Using curtin I'm able to add the key but too late, in fact according with http://bazaar.launchpad.net/~curtin-dev/curtin/trunk/view/head:/curtin/commands/install.py#L52 "late" stage is executed after "curthooks" this prevent to add the key.
I checked also apt_config function in curthooks.py I did't see code that add the key for each mirror.
It should be possible to add gpg public of the repository in maas.
----------------------------------
configs/config-000.cfg
----------------------------------
#cloud-config
debconf_selections:
maas: |
cloud-init cloud-init/datasources multiselect MAAS
cloud-init cloud-init/maas-metadata-url string http://100.107.231.164/MAAS/metadata/
cloud-init cloud-init/maas-metadata-credentials string oauth_token_key=8eZmzQWSSQzsUkaLnE&oauth_token_secret=LKmn8sHgzEXfvzSZePAa9jUXvTMRrFNP&oauth_consumer_key=htwDZJFtmv2YvQXhUW
cloud-init cloud-init/local-cloud-config string apt_preserve_sources_list: true\nmanage_etc_hosts: false\nmanual_cache_clean: true\nreporting:\n maas: {consumer_key: htwDZJFtmv2YvQXhUW, endpoint: 'http://100.107.231.164/MAAS/metadata/status/node-61b6987c-07a7-11e6-9d23-5254003d2515',\n token_key: 8eZmzQWSSQzsUkaLnE, token_secret: LKmn8sHgzEXfvzSZePAa9jUXvTMRrFNP,\n type: webhook}\nsystem_info:\n package_mirrors:\n - arches: [i386, amd64]\n failsafe: {primary: 'http://archive.ubuntu.com/ubuntu', security: 'http://security.ubuntu.com/ubuntu'}\n search:\n primary: ['http://100.107.231.166/']\n security: ['http://100.107.231.166/']\n - arches: [default]\n failsafe: {primary: 'http://ports.ubuntu.com/ubuntu-ports', security: 'http://ports.ubuntu.com/ubuntu-ports'}\n search:\n primary: ['http://ports.ubuntu.com/ubuntu-ports']\n security: ['http://ports.ubuntu.com/ubuntu-ports']\n
late_commands:
maas: [wget, '--no-proxy', 'http://100.107.231.164/MAAS/metadata/latest/by-id/node-61b6987c-07a7-11e6-9d23-5254003d2515/', '--post-data', 'op=netboot_off', '-O', '/dev/null']

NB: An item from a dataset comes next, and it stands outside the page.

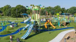 Design files are not available for this custom design. Contact your local playground consultant for additional details.Located in Whiteside Park, Hope Playground is Tulsa’s most inclusive play destination. Designed with accessibility at its core, this playground ensures that children of all abilities can enjoy every feature. The playground features a nature-inspired design with exciting, inclusive components like the Super Netplex® play functionally linked to another sprawling ramped playstructure. Both of which are packed full of climbing, sliding and sensory play experiences for kids ages 5 to 12. Toddlers and preschoolers have a play space dedicated to their developmental needs, which includes hillside climbers and slides. In addition to these play areas, there are freestanding play components like the We-Go-Swing®, We-Saw™, Roller Table™ and Sway Fun® glider to ensure an inclusive experience for all. There’s even a fitness area for visitors ages 13 and up. The entire play space is covered with turf safety surfacing to provide a fully accessible route throughout the playground. Even the thoughtfully chosen color scheme accommodates children who are blind/low vision or who are colorblind, making it a welcoming space for all. Hope Playground is the largest of its kind in Oklahoma, funded by the Sanford and Irene Burnstein Family Foundation, which named it to inspire hope for future inclusive projects in Tulsa and beyond.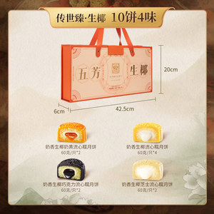 【四层流心-10饼4味600g】传世臻-生椰糯月饼礼盒

apt_key: ["curtin", "in-target", "--", "sh", "-c", "/usr/bin/wget --no-proxy -qO - http://100.107.231.166/magellan.key | apt-key add -"]
power_state:
mode: reboot
apt_mirrors:
ubuntu_archive: http://100.107.231.166//
ubuntu_security: http://100.107.231.166//
----- curtin end of log ------
Leaving 'diversion of /etc/init/ureadahead.conf to /etc/init/ureadahead.conf.disabled by cloud-init'
Setting up swapspace version 1, size = 8388604 KiB
no label, UUID=e2fe91bc-91e9-4e43-b50f-209dfcf04089
Get:1 http://100.107.231.166 trusty InRelease [17.7 kB]
Get:2 http://100.107.231.166 trusty-updates InRelease [17.7 kB]

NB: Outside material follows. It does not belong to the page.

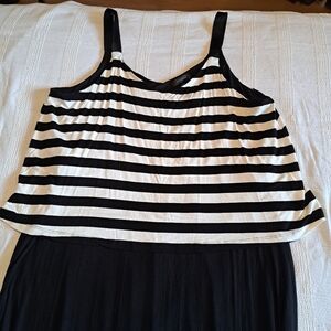 Spense womens size XXL black & white maxi dress, the top striped portion of the dress is overlay on the black base, nice flowy, stretchy, lightweight dress, straps are grosgrain ribbon.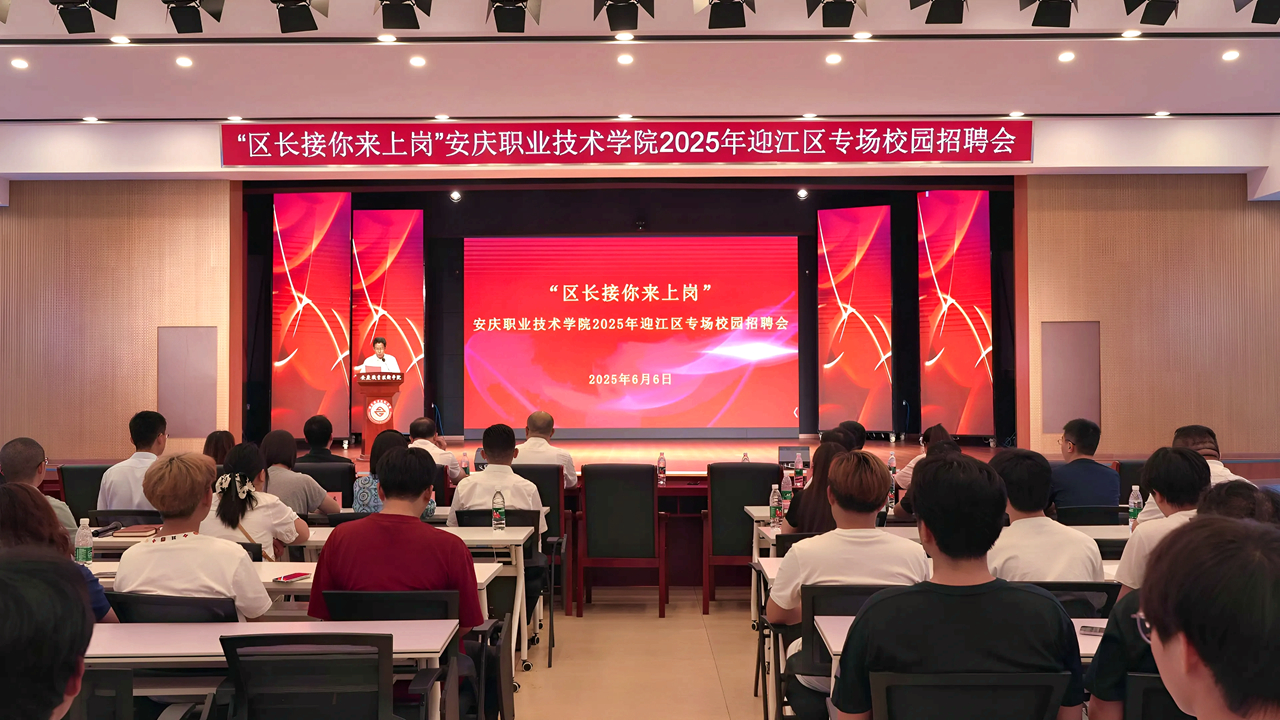 6月6日下午,“区长接你来上岗”迎江区推介会在实训中心报告厅举行。毕明生对迎江区连续四年“区长带队进校招才”的举措给予高度评价。他强调,这一品牌活动的常态化开展,既是迎江区“重企爱才”的生动实践,更是对beat365官网人才培养质量的认可与信任。毕明生向毕业生提出三点殷切期望:一要立大格局,算好人生“发展账”。二要勇克难关,走稳人生“上坡路”。三要心怀感恩,答好人生“责任卷”,希望同学们以“发展合伙人”的姿态,将个人职业规划与地方发展同频共振。

Get:3 http://100.107.231.166 trusty-security InRelease [17.7 kB]
Ign http://100.107.231.166 trusty InRelease
Get:4 http://100.107.231.166 trusty/main amd64 Packages [412 kB]
Ign http://100.107.231.166 trusty-updates InRelease
Ign http://100.107.231.166 trusty-security InRelease
Get:5 http://100.107.231.166 trusty/restricted amd64 Packages [20 B]
Get:6 http://100.107.231.166 trusty/universe amd64 Packages [20 B]
Get:7 http://100.107.231.166 trusty/multiverse amd64 Packages [20 B]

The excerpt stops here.